January 15, 2009
「火車」宮部みゆき著
ここら辺りで、昨年書ききれなかった本の感想を
幾つかまとめておこうと思っています。
まずは、大好きな作家宮部さんの90年代前半の名作から。
【火車(かしゃ)】宮部みゆき著/新潮社
単行本 1992年7月発行/双葉社
文庫本 1998年2月発行/新潮社
火車 (新潮文庫)
宮部みゆきさんの現代ミステリーの初期の名作として、いまだに著者のNo.1として本書を挙げる方も多い人気作品です。(第6回山本周五郎賞受賞)
休職中の本間刑事は、自らの過去を清算して他人に成り済まして生きる女性の行方を追いかけます。成り行きは遠戚の婚約者の失踪からでしたが、ひとりの女性の謎の人生の一端を踏んでしまうこととなります。
変わっている点は、主人公の目的が"犯人逮捕"的なものではなく、あくまでも"捜索"であり人探しです。そこに新たな事件が起こる訳でも何でもありません。捜索の行きがかり上、二人の女性の過去を辿ることになるのですが、すり代わった者とすり代えられた者、それぞれの数奇で壮絶な人生が浮かび上がってきます。
軸となる失踪女性の過去に、"カード破産"をしていたという事実が浮かびあがります。
1980年代から90年初めにかけて、"カード破産"と言えば、借りた側の責任問題であるという認識が一般的だった時代の話です。ただし、一括りに"自己責任"では片付けられません。法外な金利、執拗な取立て、債務超過者のたらい回しなど(闇金含む)悪質な業者による"アリ地獄"のごとき罠が弱者を待ち受けている状況でした。カード破産が社会問題として話題となり、貸付け条件やグレーゾーン金利に対する法改正が進んだのはほんの数年前(2006年頃)からということを忘れてはいけないと思います。物語中の一旦でも触れられていますが、決して他人事じゃなく、気づかないようで、この辺りの法律に助けられてる方も実は多いはずなのです。
また婚約者に失踪される男が務めていたのは大手銀行。皮肉にも、系列カード会社に婚約者の新規カード申請を依頼したことが事件の発端となりました。

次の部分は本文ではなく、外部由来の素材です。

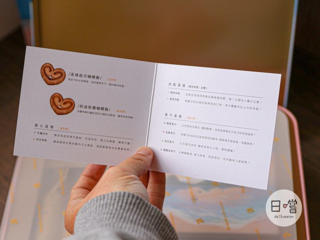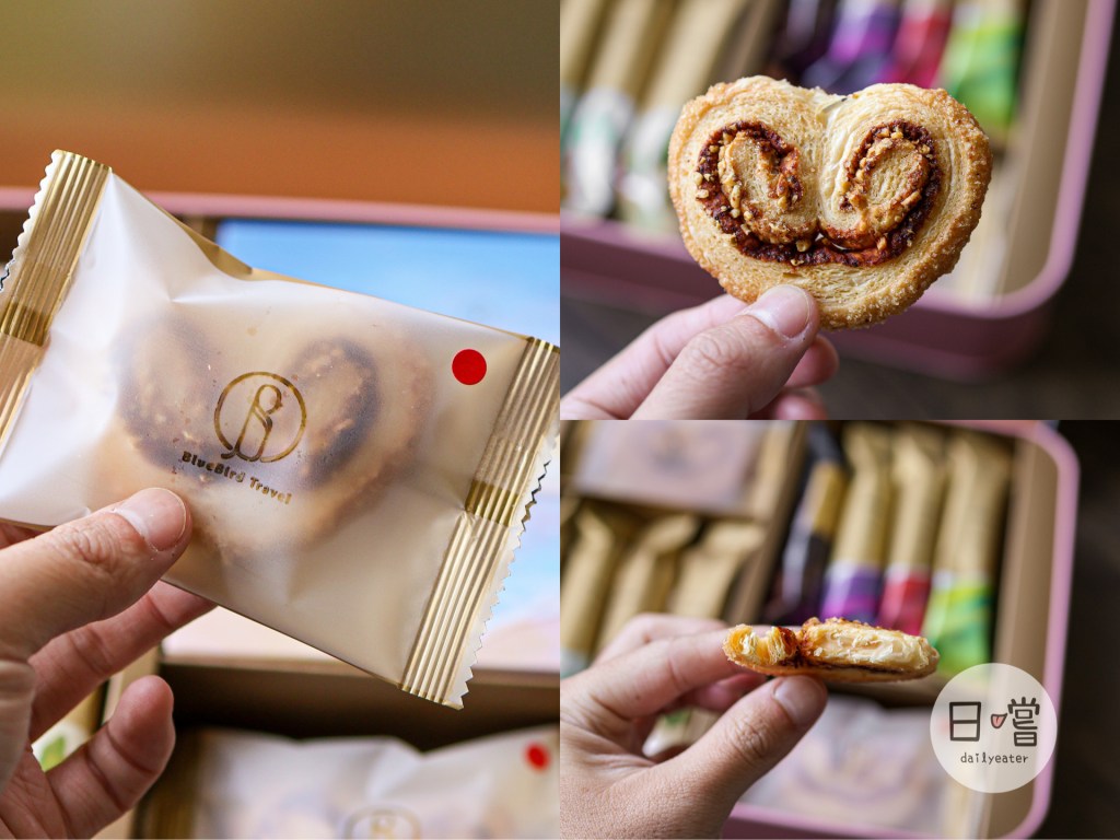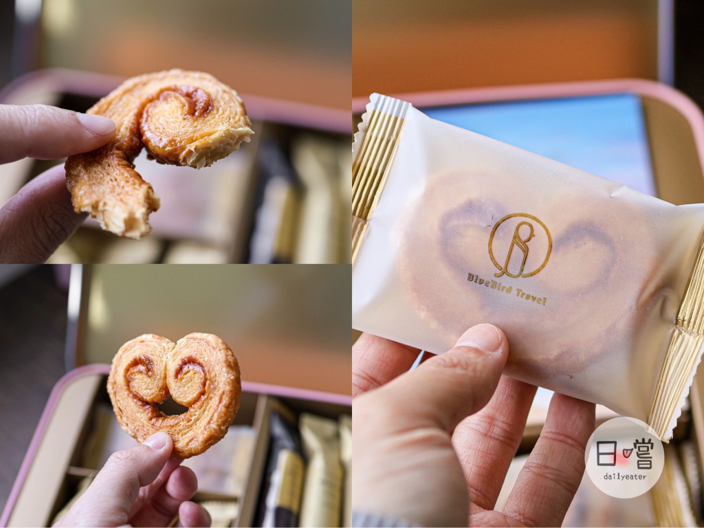 旁邊的愛情海洋綜合餅乾禮盒裡面有八種口味的蛋捲各兩隻外,還有新推出的蝴蝶酥!有香辣起司跟奶油焦糖兩種口味,對於身為青鳥旅行老粉來說,肯定要試試看的吧😎

一体彼女は何者か?存在すらあやふやな女性の姿を、主人公と一緒になってイメージし少しづつ形作っていくこととなります。また、行方不明な幼なじみの行方を案じる本多保の姿にも心打たれますが、こちらは悲しい結末が待っており本当にやりきれない思いです。
そして、ラストが印象的でした。
情緒が分からない僕はついつい声を漏らしてしまいます。
えっ〜〜〜〜、という感じで。
結局、本間刑事は本編中で意中の人物に会うことはないのです。
真相は是非本書をご覧下さい。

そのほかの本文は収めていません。